Please set down exactly the lines from the one that contains "武夷山市茶业同业公会会长刘国英敲锣开启赛事" through the end of the material, leaving out every picture.
**********
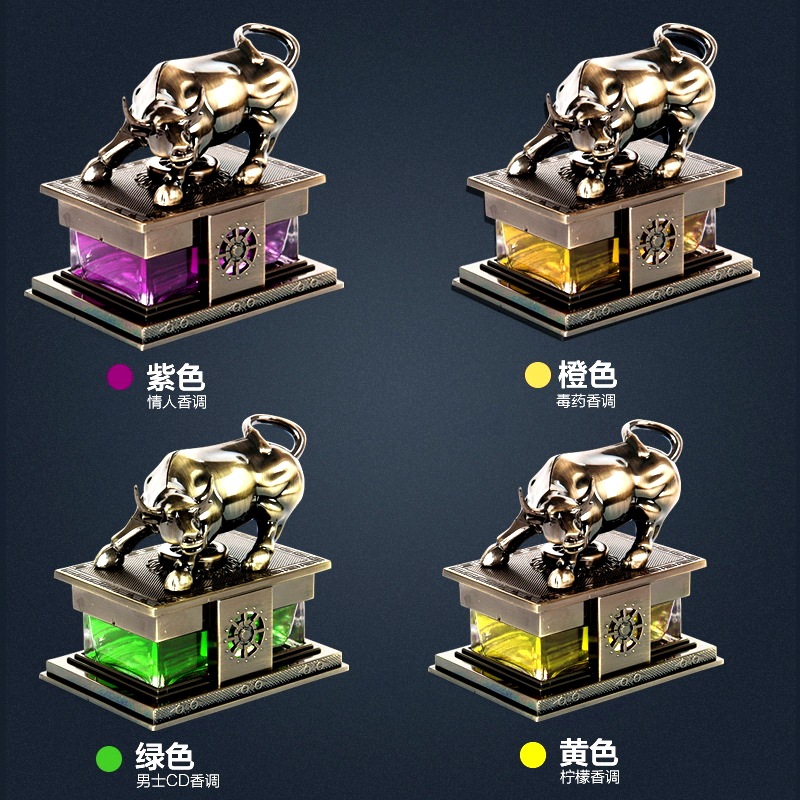 新款华尔街牛汽车香水座 古铜牛车载香水复古牛香水座牛气冲天
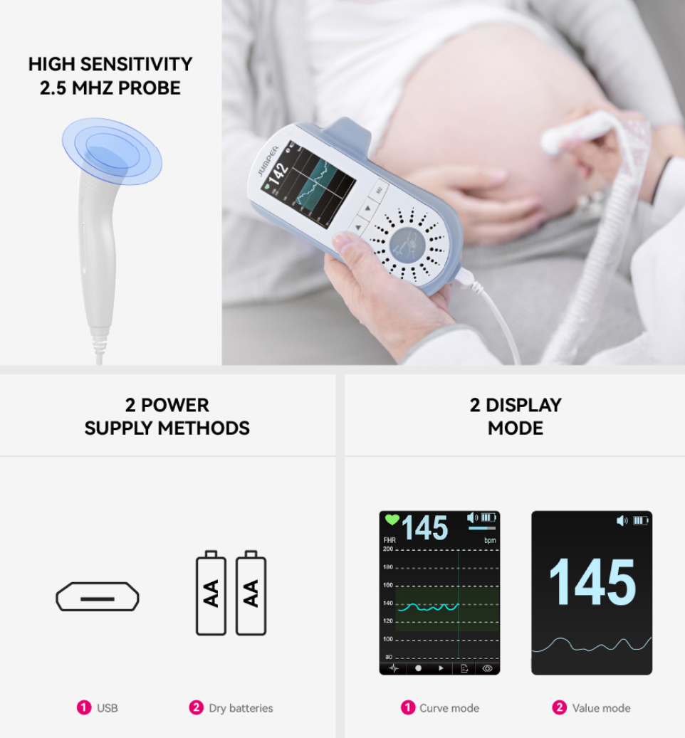 El Doppler fetal Jumper JPD-100E, tiene diseño portátil y elegante, con indicador de sonda que guía a la ubicación correcta, cuenta con tres modos de funcionamiento para satisfacer diferentes necesidades, tiempo real, promedio y modo manual, gran Pantalla LCD con luz de fondo, para visualizar la frecuencia cardiaca fetal numérico y gráfico. Indicación de la señal y la frecuencia de sonda, posee un algoritmo único de ritmo cardiaco para permitir un FCF más preciso y confiable.
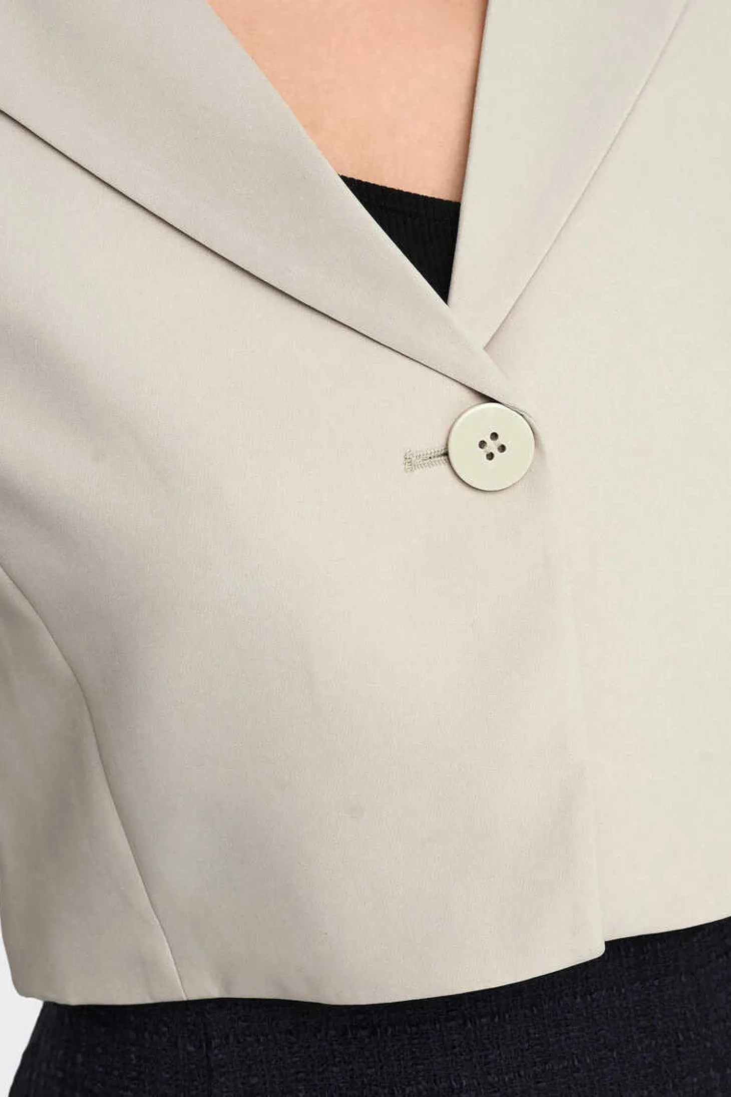 Blazer Crop Com Fecho De Botao Na Parte Central E Gola De Lapelas.
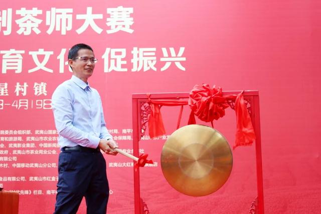 武夷山市茶业同业公会会长刘国英敲锣开启赛事
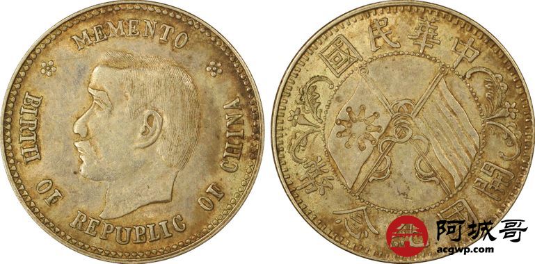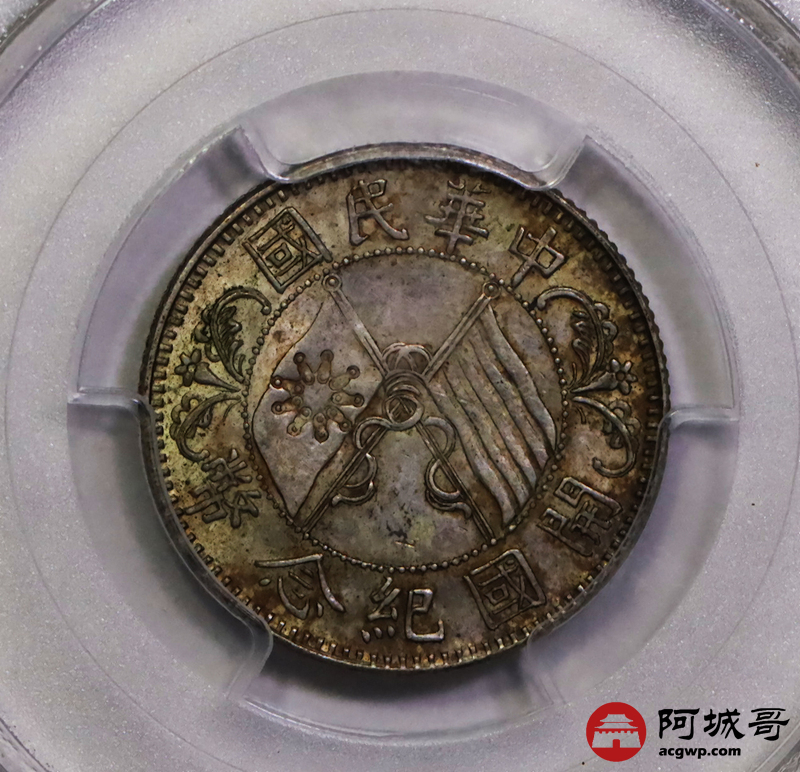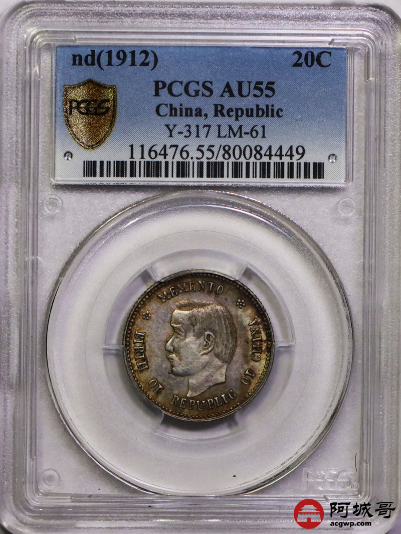 Lot:7 深打底光黄油彩 孙像开国贰角 PCGS AU55
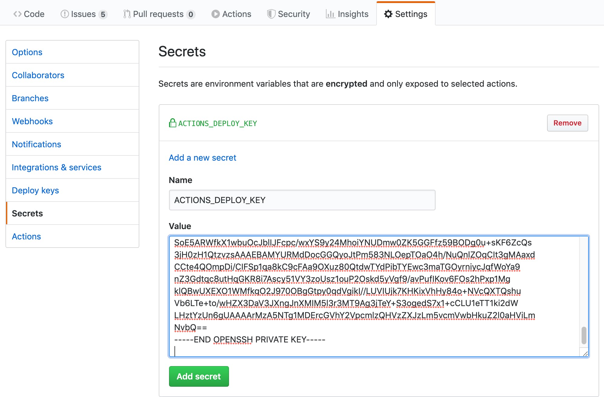 Set SSH Private Key deploy_key
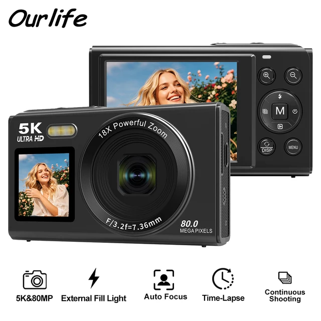 Цифровая камера Ourlife CCD с двумя экранами, портативная цифровая камера с 18-кратным зумом, 5K, винтажный видеорегистратор Vlog, 80 МП, CCD-камера для селфи
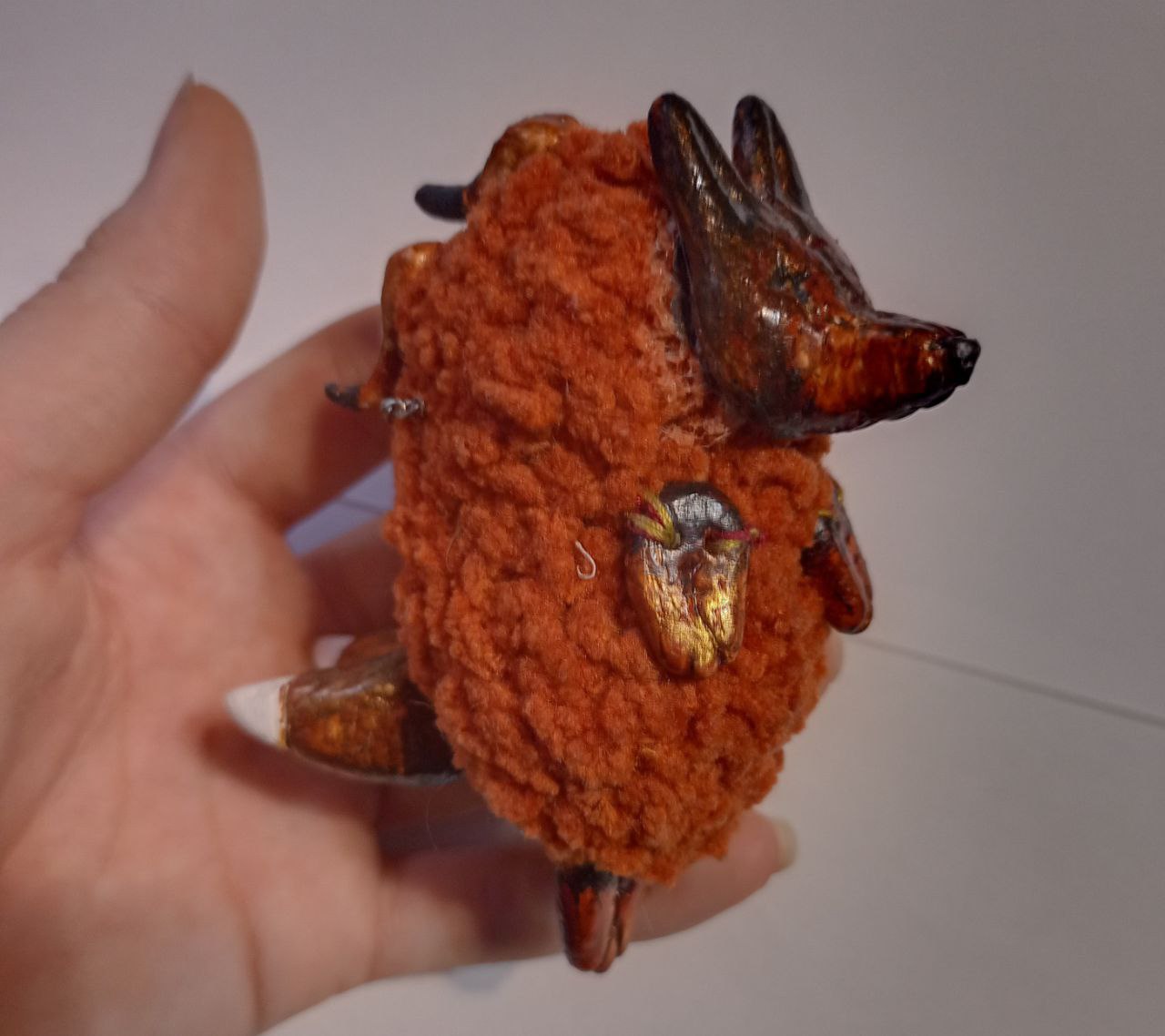 Тельце своего персонажа вы можете связать из любой пряжи, мордочку слепить из композитной глины и раскрасить акриловыми красками.
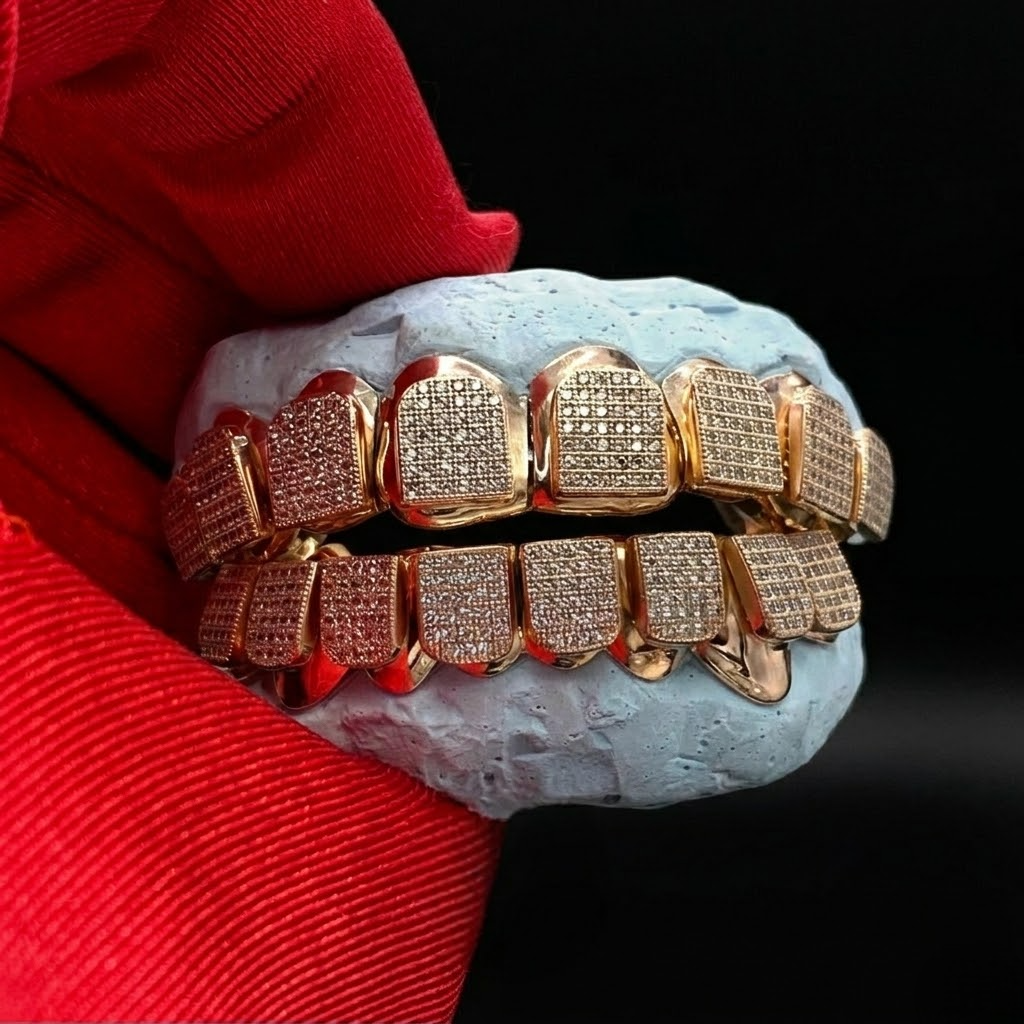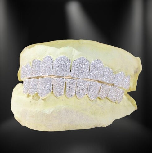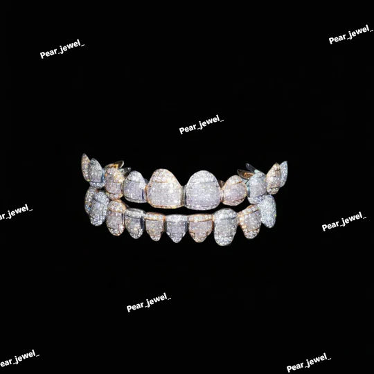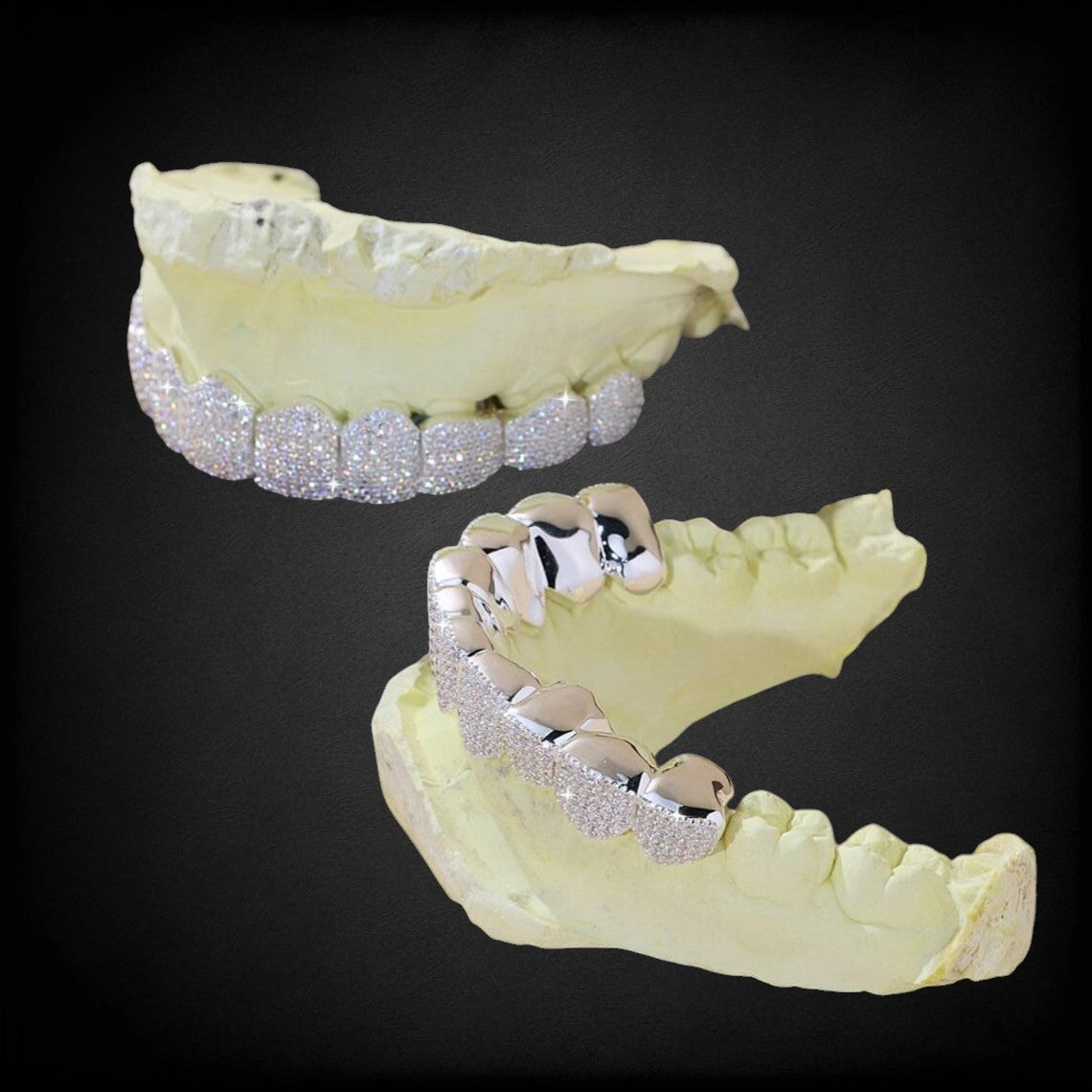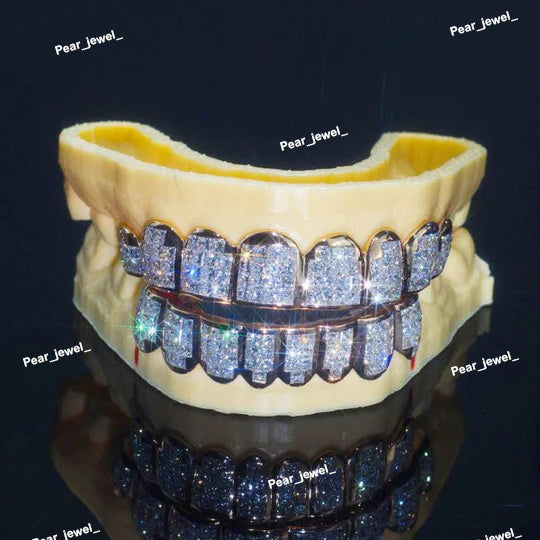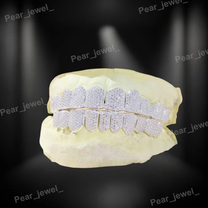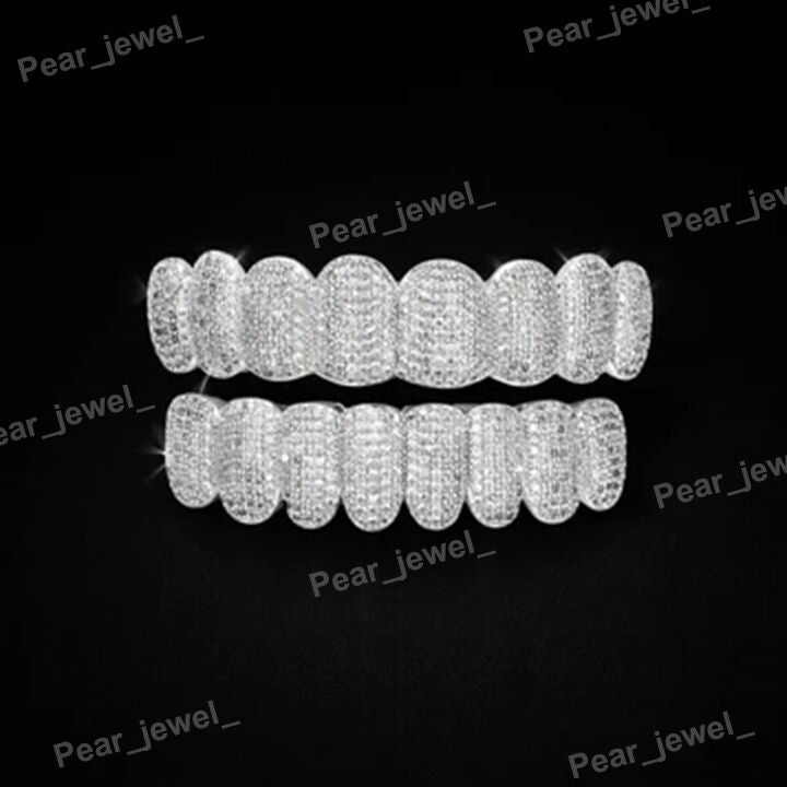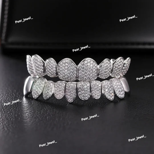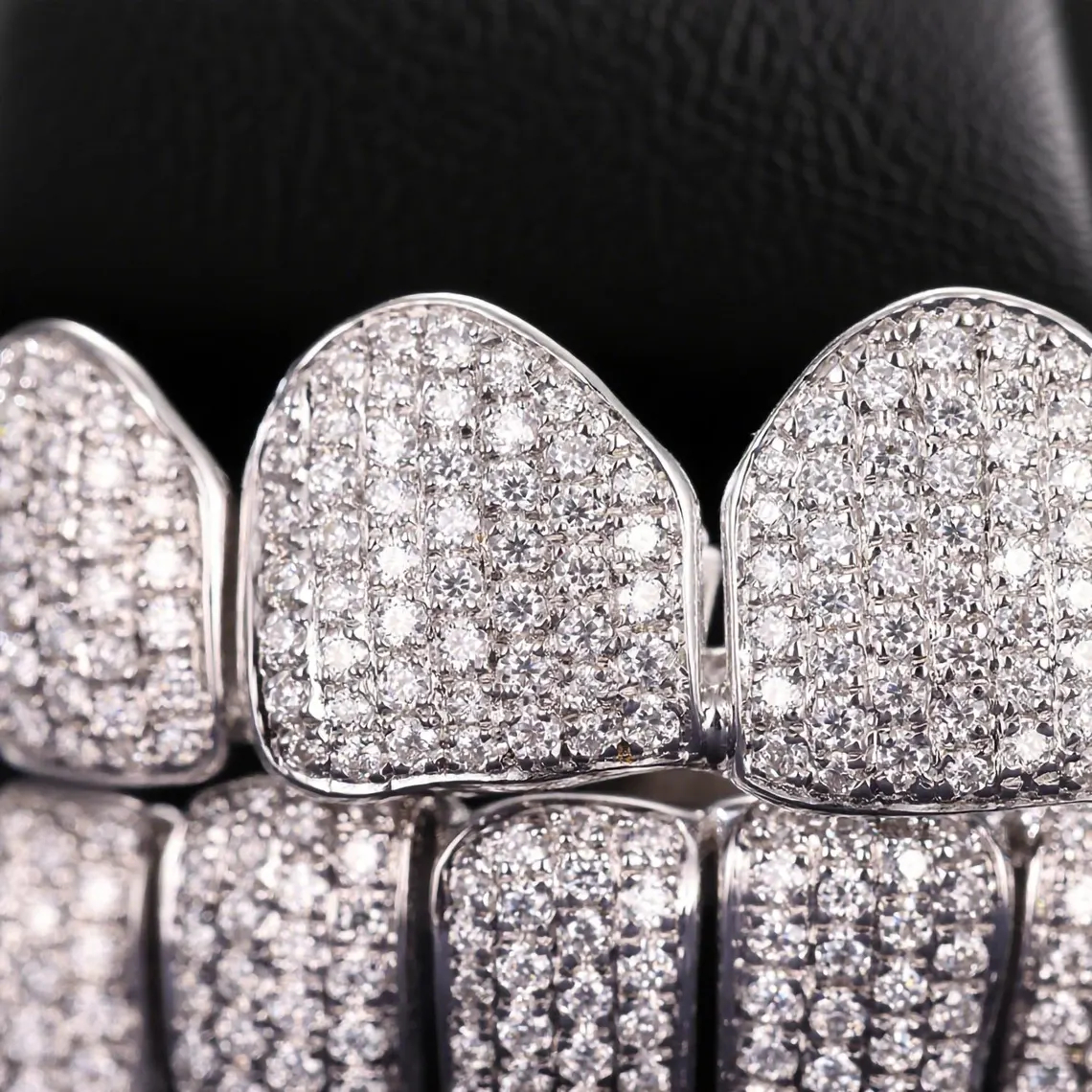Iced Out Grillz Set Moissanite Diamond Look 925 Silver Teeth Jewelry
**********
Result of the task:
 武夷山市茶业同业公会会长刘国英敲锣开启赛事
 Lot:7 深打底光黄油彩 孙像开国贰角 PCGS AU55
 Set SSH Private Key deploy_key
 Цифровая камера Ourlife CCD с двумя экранами, портативная цифровая камера с 18-кратным зумом, 5K, винтажный видеорегистратор Vlog, 80 МП, CCD-камера для селфи
 Тельце своего персонажа вы можете связать из любой пряжи, мордочку слепить из композитной глины и раскрасить акриловыми красками.
Iced Out Grillz Set Moissanite Diamond Look 925 Silver Teeth Jewelry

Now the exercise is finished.